Task instructions
Could you retype the records below exactly as they appear, skipping any pictures?

[Start of section]

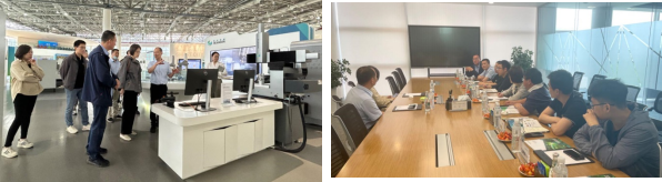 5月25日上午,张嵩院长带队到海克斯康(青岛)智慧产业园进行交流学习,海克斯康制造智能教育生态事业部运营副总监陈发波接待了我院师生一行并全程陪同调研和交流。调研过程中,首先在讲解员的引导下,师生了解了企业的发展史并参观了产品展示大厅,全面了解海克斯康“智能制造”和“智慧城市”等相关产品和技术解决方案。同学们对以球形激光测量仪、三坐标仪等为代表的各类型先进计量感知设备和统计分析系统赋能各种零部件或白车身的高精度三维建模和质量管控,高效助力制造业质量管理数字化转型的技术解决方案表示震撼,真实地体验和理解了计量、标准、质量和数字化如何与制造业深度融合应用。此外,先进计量技术在生物医学、城市管理等的应用场景也给同学们留下深刻印象。参观结束后,我院师生与陈发波副总监在会议室进行了研讨。陈总监先给大家介绍了公司近几年在精准测量和质量管理数字化方面的具体规划,同学们分别介绍了自己目前的工作情况并就关心的质量管理体系审核、测量系统分析、质量数据统计分析工具、精准测量等方面的问题与陈总监进行了深入交流。
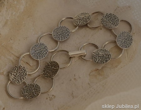 Przedstawiamy Państwu srebrną, oksydowaną bransoletkę. Bransoletka składa się z dziewięciu owali których powierzchnia inspirowana była motywem roślinnym – powierzchnią liścia. Owale połączone są srebrnymi kółeczkami, które są na luźno przymocowane od spodu owala. Taka konstrukcja sprawia, że bransoletka idealnie układa się na nadgarstku. Zapięcie bransoletki to tak zwana klamra zegarkowa – która dodatkowo nadaje eleganckiego wyglądu tej pięknej bransoletce.
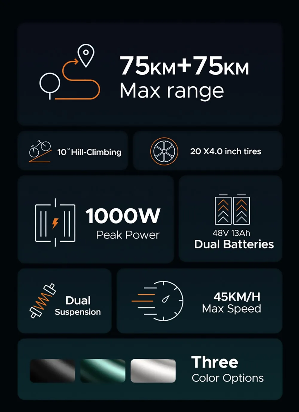 | U paketu dolazi | Baterije, ENGWE M20 Dual električni bicikl, Korisnički priručnik, Lokot sa šifrom, Nosač za pametni telefon, Prednje LED svjetlo, Prednji i zadnji blatobran, Punjač, Set alata, Stražnja nogara, Stražnje LED svjetlo, Torbica za pohranu |
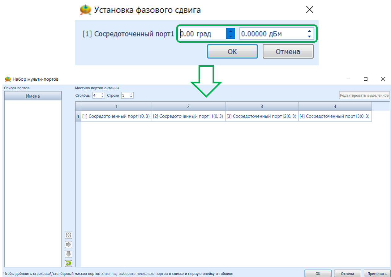 - В диалоговом окне Setting up phase shift (Настройка сдвига по фазе) установите амплитуду /фазу для всех портов и нажмите set (установить), затем нажмите OК.
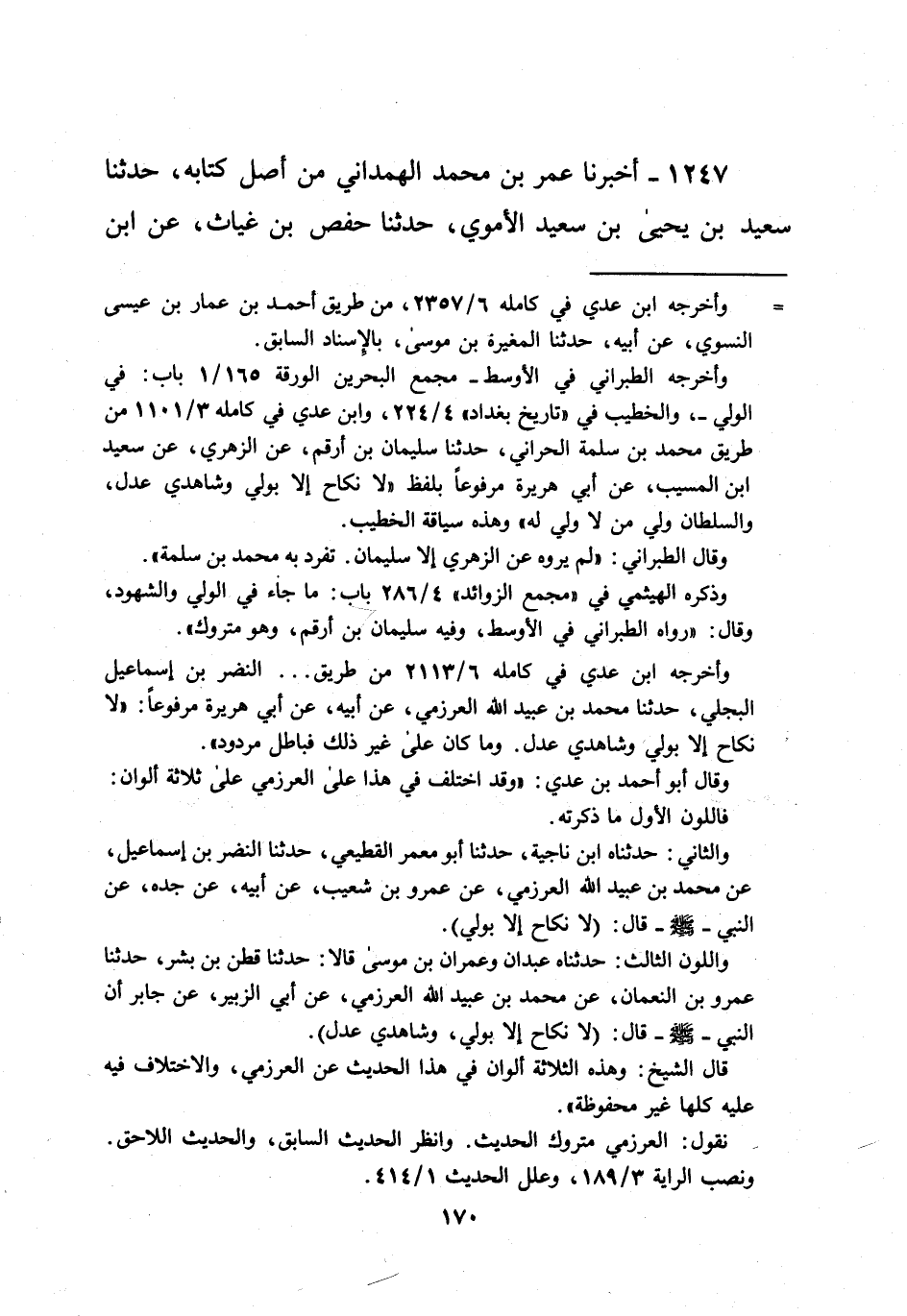 1247 - أخبرنا عمر بن محمد الهمداني من أصل كتابه، حدثنا سعيد بن يحيى بن سعيد الأموي، حدثنا حفص بن غياث، عن ابن

[End of section]

Exercise answer
 5月25日上午,张嵩院长带队到海克斯康(青岛)智慧产业园进行交流学习,海克斯康制造智能教育生态事业部运营副总监陈发波接待了我院师生一行并全程陪同调研和交流。调研过程中,首先在讲解员的引导下,师生了解了企业的发展史并参观了产品展示大厅,全面了解海克斯康“智能制造”和“智慧城市”等相关产品和技术解决方案。同学们对以球形激光测量仪、三坐标仪等为代表的各类型先进计量感知设备和统计分析系统赋能各种零部件或白车身的高精度三维建模和质量管控,高效助力制造业质量管理数字化转型的技术解决方案表示震撼,真实地体验和理解了计量、标准、质量和数字化如何与制造业深度融合应用。此外,先进计量技术在生物医学、城市管理等的应用场景也给同学们留下深刻印象。参观结束后,我院师生与陈发波副总监在会议室进行了研讨。陈总监先给大家介绍了公司近几年在精准测量和质量管理数字化方面的具体规划,同学们分别介绍了自己目前的工作情况并就关心的质量管理体系审核、测量系统分析、质量数据统计分析工具、精准测量等方面的问题与陈总监进行了深入交流。
 Przedstawiamy Państwu srebrną, oksydowaną bransoletkę. Bransoletka składa się z dziewięciu owali których powierzchnia inspirowana była motywem roślinnym – powierzchnią liścia. Owale połączone są srebrnymi kółeczkami, które są na luźno przymocowane od spodu owala. Taka konstrukcja sprawia, że bransoletka idealnie układa się na nadgarstku. Zapięcie bransoletki to tak zwana klamra zegarkowa – która dodatkowo nadaje eleganckiego wyglądu tej pięknej bransoletce.
 | U paketu dolazi | Baterije, ENGWE M20 Dual električni bicikl, Korisnički priručnik, Lokot sa šifrom, Nosač za pametni telefon, Prednje LED svjetlo, Prednji i zadnji blatobran, Punjač, Set alata, Stražnja nogara, Stražnje LED svjetlo, Torbica za pohranu |
 - В диалоговом окне Setting up phase shift (Настройка сдвига по фазе) установите амплитуду /фазу для всех портов и нажмите set (установить), затем нажмите OК.
 1247 - أخبرنا عمر بن محمد الهمداني من أصل كتابه، حدثنا سعيد بن يحيى بن سعيد الأموي، حدثنا حفص بن غياث، عن ابن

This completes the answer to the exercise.